> **EXERCISE OBJECTIVE**
The response should reproduce exactly the lines from the top of the listing below through the one that contains "Lindexistä ostettu among", and nothing else; pictures do not belong in it.

--- SOURCE RECORDS Enclosed Below ---

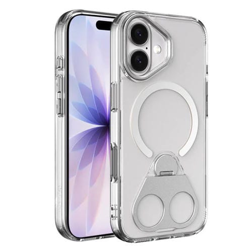 Funda de TPU MagSafe transparente para iPhone 17 con soporte giratorio de 360 grados (plateada)
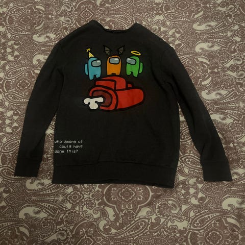 Lindexistä ostettu among us collegepaita. Koko 134/140. Printissä pienesti kulumaa. Hajusteeton pesu. Siisti käytetty. Katso myös muut kohteeni.
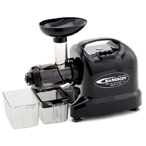 In a continuing effort to make high quality, functional, easy-to-use and affordable juicing technology Samson Brands features the Samson Advanced Multi-Purpose Juice Extractor. The new Samson Advanced number of juicers incorporates newer, studier plus much more efficient technology which makes operation a pleasure for brand new users also as for aficionados that juice repeatedly a day. The Samson Advanced is all to easy to use and simple to clean. The Samson Advanced is more than only a juicer. Choose an attractive color that blends into your kitchen. The Samson Advanced is obtainable in Almond, Black, Chrome-colored, and White. Highlights - Single Gear Slow Rotates at 80 RPM to make certain high quality nutritional juice, FDA approved GE Ultem is used for that augur and screens causing them to be 8 times stronger than traditional juicer parts, the stainless steel Juicing Screen is fully encased with GE Ultem, Juices a large variety of vegetables, grasses and fruits, excellent for Wheatgrass and Leafy Greens - Less foam than twin gear juicers, Simple assembly with - quick lock - style attachments, quick and simple cleaning, top rack dishwasher safe (avoid drying cycle), make sorbets, applesauce, nut butters, baby food and frozen desserts, adjustable pressure control to optimize juice yield, continuous juicing with containers for juice and pulp, convenient carrying handle, easy operation using push buttons - On, Off and Reverse, Full manufacturers 15 year warranty on motor and operational parts. The next items are included - Samson Multi-Purpose Juicer Motor, Augur, Drum, Drum Cap, Juicing Screen, Mincing Cone, Cups for catching juice or pulp (2), Sieve (1), Cleaning Brush, Pusher / Tamper, Juicing Nozzle, Mincing Nozzle, Noodle Nozzles (2), Pasta Nozzles (2), Color Cook Book and Operations Operation Manual and Extra Fuse
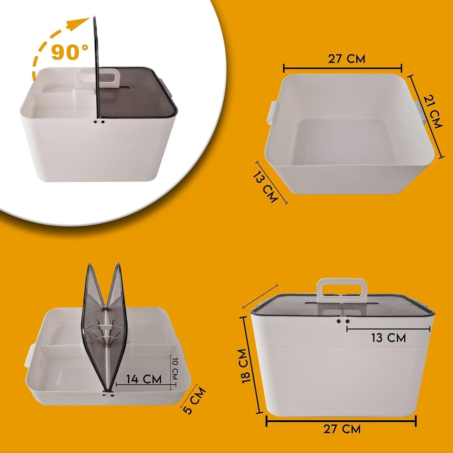 Keep your medications, cosmetics and snacks organized and easily accessible with our Storage Container. Made of durable ABS and featuring a clear lid, this container offers enough space and visibility to quickly identify the contents. Its generous dimensions of 27x21x18cm make it ideal for accommodating a variety of items, from daily medicine to favorite cosmetics or snacks.
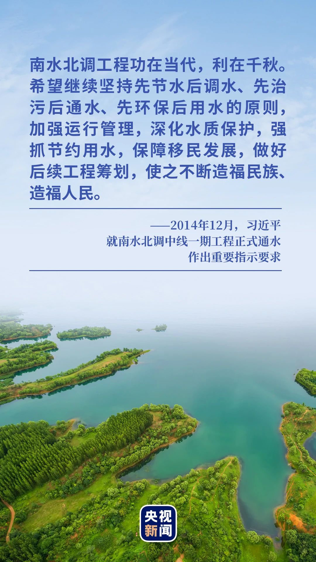 “南水北调中线一期工程正式通水,沿线40多万人移民搬迁,为这个工程作出了无私奉献,我们要向他们表示敬意,希望他们在新的家园生活幸福。”2015年新年到来之际,习近平总书记亲切的问候与祝福,温暖着每一个人。
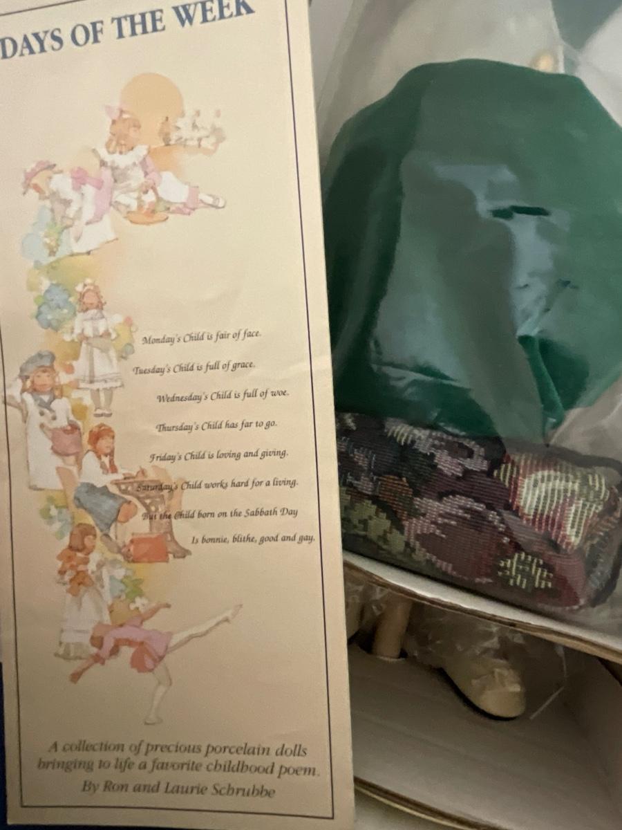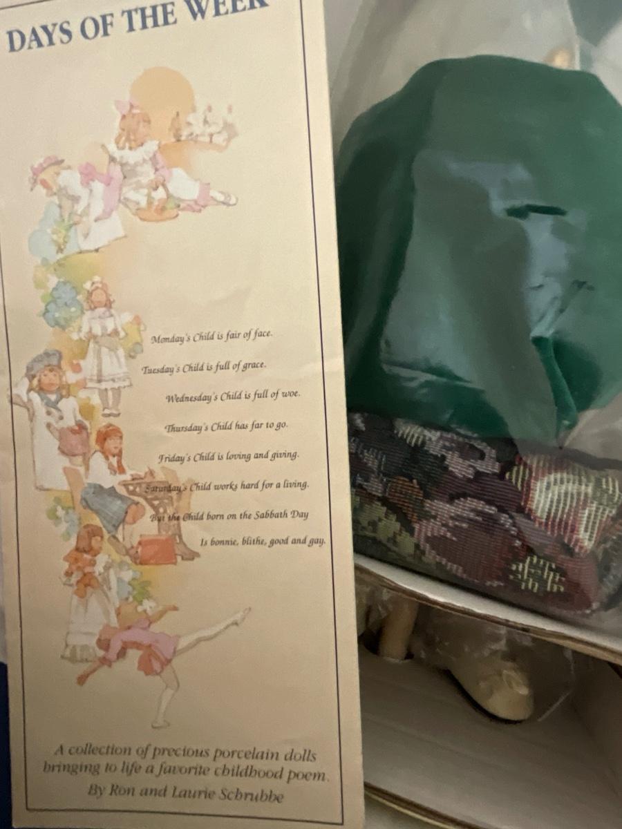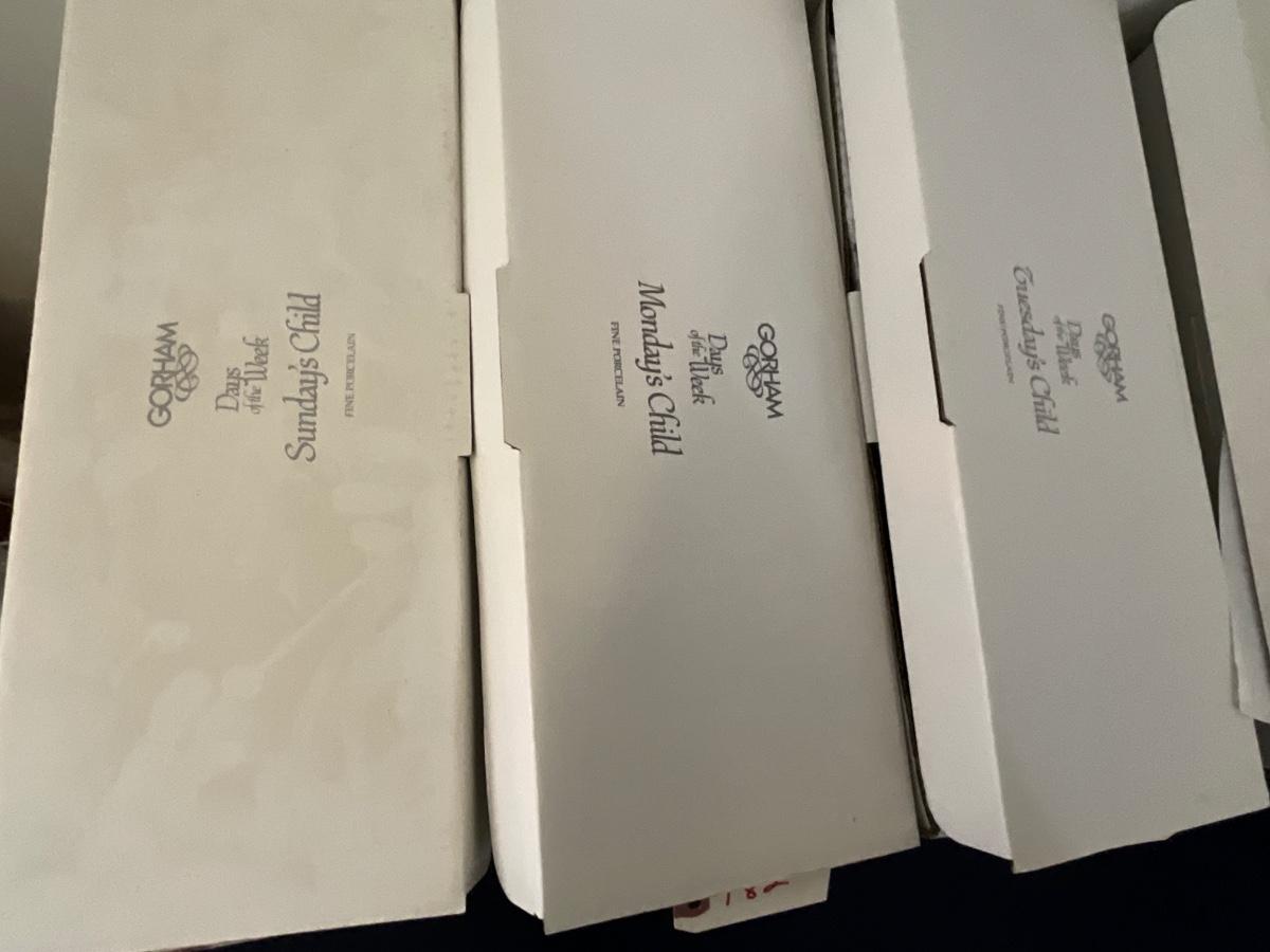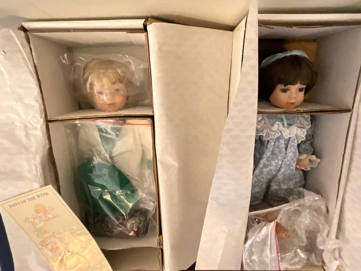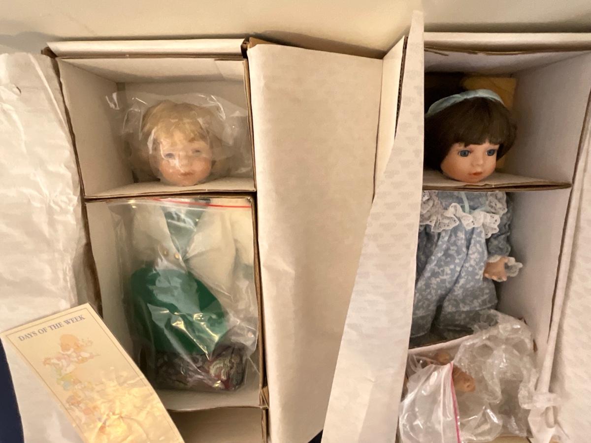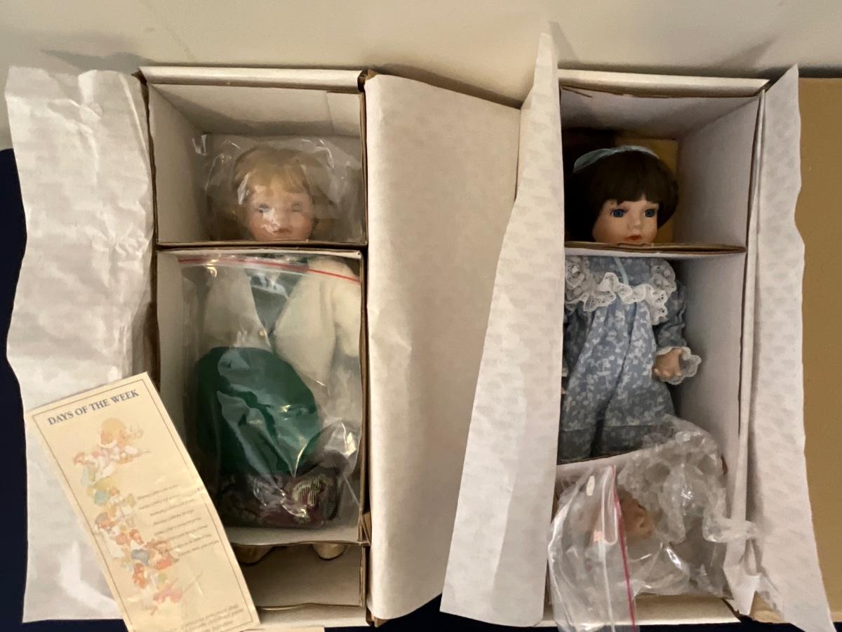 Gorham Days of the Week Doll Complete Set, 7 dolls represent each day of the week, signed porcelain Artists Laurie and Ron Schrudde, for Gorham as pictured

--- End of Enclosed SOURCE RECORDS ---

> **ANSWER TO THIS PROBLEM**
 Funda de TPU MagSafe transparente para iPhone 17 con soporte giratorio de 360 grados (plateada)
 Lindexistä ostettu among us collegepaita. Koko 134/140. Printissä pienesti kulumaa. Hajusteeton pesu. Siisti käytetty. Katso myös muut kohteeni.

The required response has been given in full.